Goal of the exercise:
Please return the lines below verbatim, beginning at the one that has "6. Фрагменти керамічного посуду, кістяне" and stopping after the one that has "The beads are", and add no other lines.

Records provided:
= = = = = = =

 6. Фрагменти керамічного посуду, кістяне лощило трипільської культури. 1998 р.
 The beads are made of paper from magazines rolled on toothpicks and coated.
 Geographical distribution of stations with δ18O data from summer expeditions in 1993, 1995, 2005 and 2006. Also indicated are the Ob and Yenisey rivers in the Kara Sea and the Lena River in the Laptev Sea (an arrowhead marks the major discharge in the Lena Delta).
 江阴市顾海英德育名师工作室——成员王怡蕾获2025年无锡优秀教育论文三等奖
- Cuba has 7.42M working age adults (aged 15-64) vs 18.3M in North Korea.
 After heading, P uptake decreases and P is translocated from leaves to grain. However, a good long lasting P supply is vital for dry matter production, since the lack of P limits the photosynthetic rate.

= = = = = = =

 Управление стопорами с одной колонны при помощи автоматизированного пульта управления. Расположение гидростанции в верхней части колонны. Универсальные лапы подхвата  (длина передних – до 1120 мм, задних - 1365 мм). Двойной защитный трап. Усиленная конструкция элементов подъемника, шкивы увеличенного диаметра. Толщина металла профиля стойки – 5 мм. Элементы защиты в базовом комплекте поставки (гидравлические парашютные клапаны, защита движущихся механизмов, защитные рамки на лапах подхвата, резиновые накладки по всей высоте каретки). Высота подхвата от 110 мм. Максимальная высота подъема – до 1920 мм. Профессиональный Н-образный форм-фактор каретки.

= = = = = = =

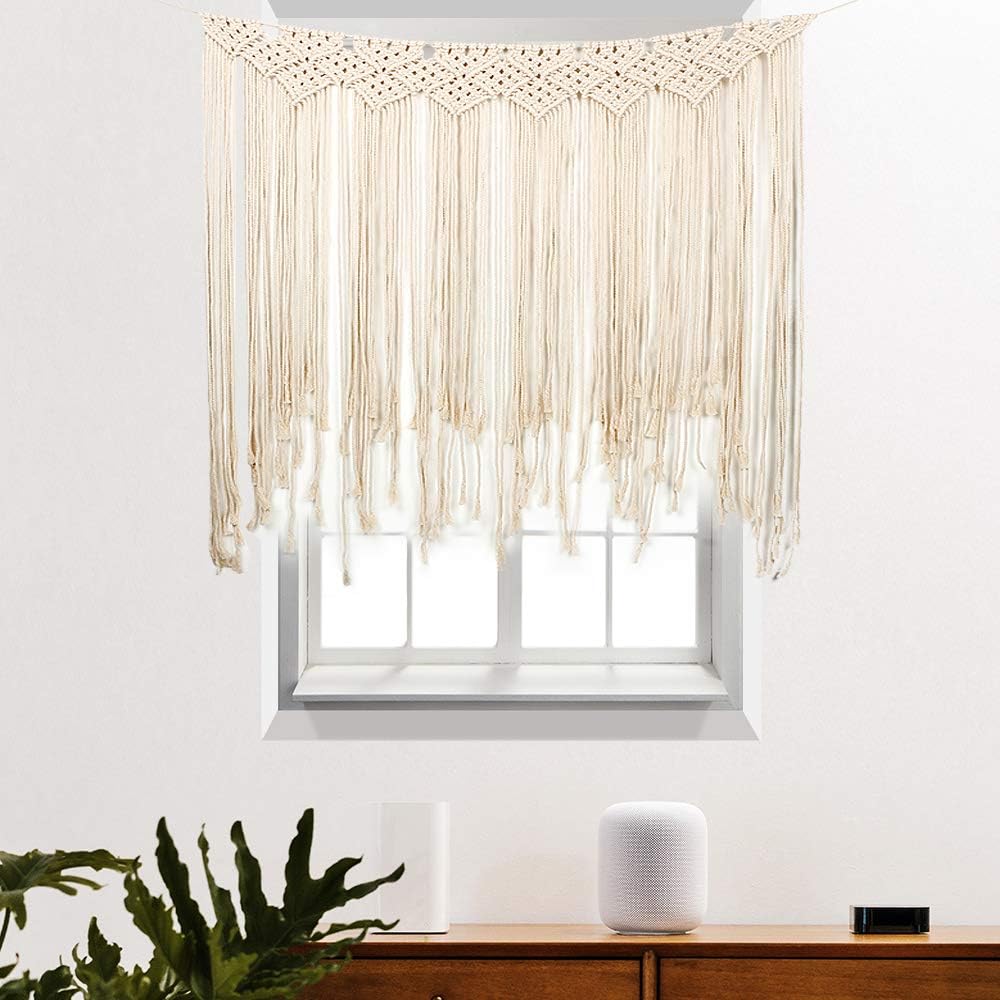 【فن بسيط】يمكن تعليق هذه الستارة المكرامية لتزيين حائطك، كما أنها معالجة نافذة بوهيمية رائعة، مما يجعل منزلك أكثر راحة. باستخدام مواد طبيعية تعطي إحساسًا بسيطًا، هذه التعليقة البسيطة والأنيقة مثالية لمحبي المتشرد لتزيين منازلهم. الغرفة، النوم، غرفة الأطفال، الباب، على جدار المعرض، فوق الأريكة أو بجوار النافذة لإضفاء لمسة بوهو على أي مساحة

= = = = = = =

Response box:
 6. Фрагменти керамічного посуду, кістяне лощило трипільської культури. 1998 р.
 The beads are made of paper from magazines rolled on toothpicks and coated.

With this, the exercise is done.